PHINEAS

PHINEAS

AI teaching assistant using corpus linguistics to rewrite complex text at target reading levels — now in beta at an ESL academy in Singapore

AI Product Development — Education/Accessibility Beta (Singapore) OpenAI API Embeddings Fine-tuning COCA Corpus Google Gemini (Gem) Anvil GCP
PHINEAS AI teaching assistant

Published:

Context

English learners and readers with accessibility needs struggle with text complexity. Existing “simplification” tools are crude — they swap long words for short ones without understanding usage frequency or semantic context.
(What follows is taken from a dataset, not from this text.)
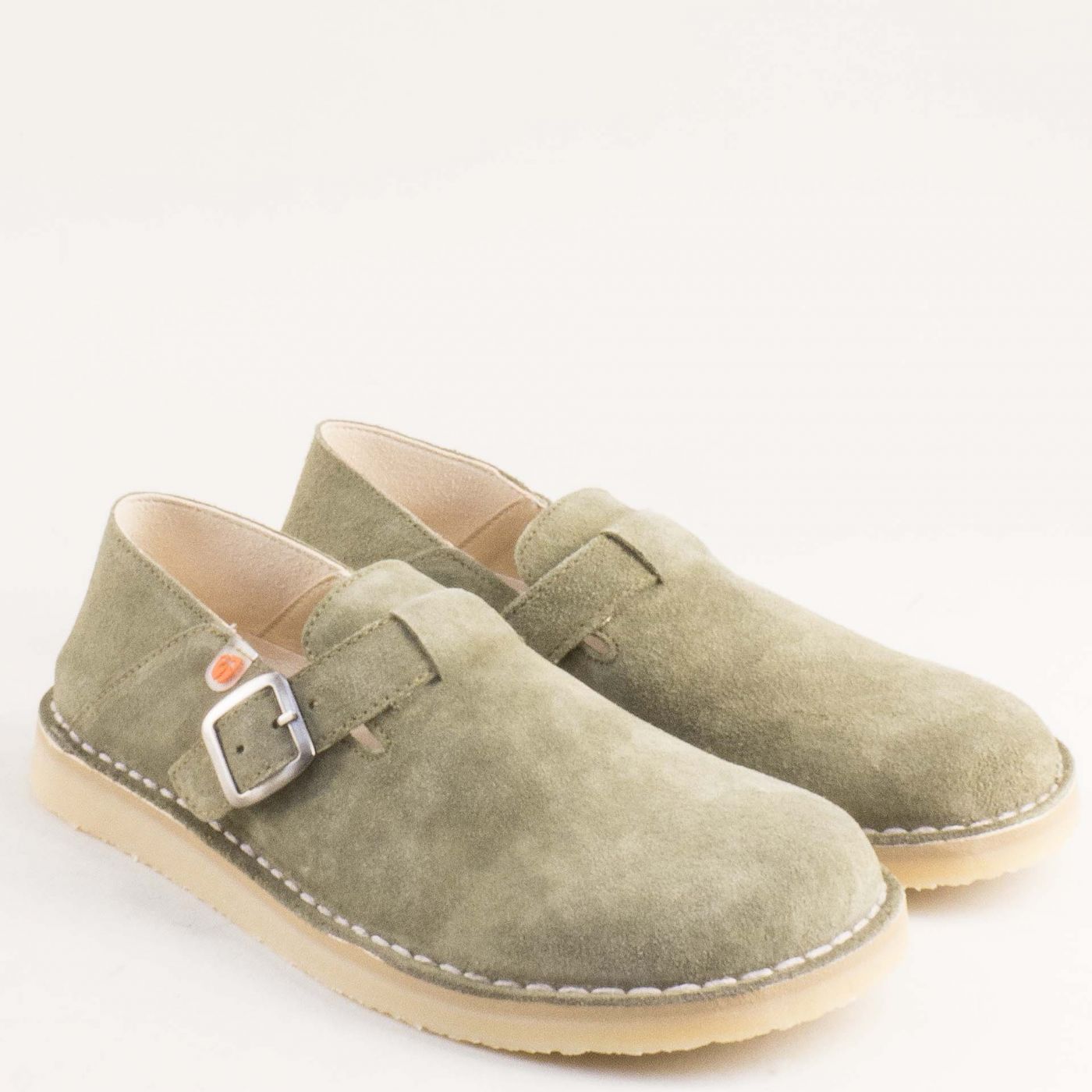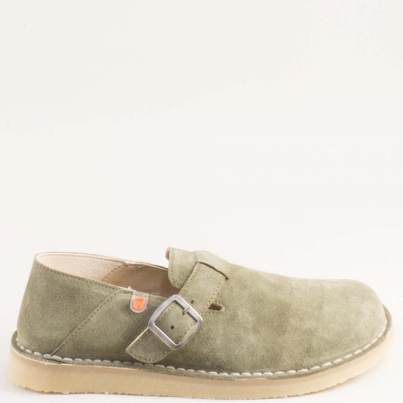 Тренд дамски обувки на равно охдило в модерен зелен набук 8480nz

A word isn’t hard because it’s long; it’s hard because learners haven’t encountered it yet.

Approach

Built on the COCA (Corpus of Contemporary American English) word frequency database — 1 billion words of real English usage data:

  1. Corpus Architecture: Embedded COCA frequency database via OpenAI for semantic search across 60,000+ ranked vocabulary items
  2. Analysis Engine: Model identifies words above target frequency thresholds based on CEFR proficiency levels (A1–C2)
  3. Rewrite System: Intelligent substitution replaces complex vocabulary with accessible alternatives, preserving meaning and sentence structure
  4. SME Workflow: Fine-tuning pipeline designed for subject matter experts (ESL teachers) to contribute training examples without requiring technical skills — currently compiling 120-example training batch

Outcome

Currently deployed as a Google Gem (prompt + lexical database) in beta testing at a partner ESL academy in Singapore. Shared with select staff and students while training samples are compiled for the first batch fine-tuning run. Core analysis and rewrite functionality validated. Exceeds original project KPIs for accuracy.

Key Insight

The hard problem isn't the AI — it's the corpus data architecture. And making fine-tuning accessible to non-technical SMEs is a product design challenge, not an engineering challenge.

Portfolio Signal

  • Domain expertise (education/linguistics — COCA corpus, CEFR standards)
  • Embeddings implementation on real-world structured data
  • Fine-tuning workflow design for non-technical contributors
  • Phased delivery: working product in users' hands before optimization
  • International deployment with real user feedback loop

Corporate Translation

Three skills in one project: (a) technical build with embeddings and fine-tuning, (b) PM discipline with phased delivery and measurable KPIs, (c) product management with a real beta program generating real user data.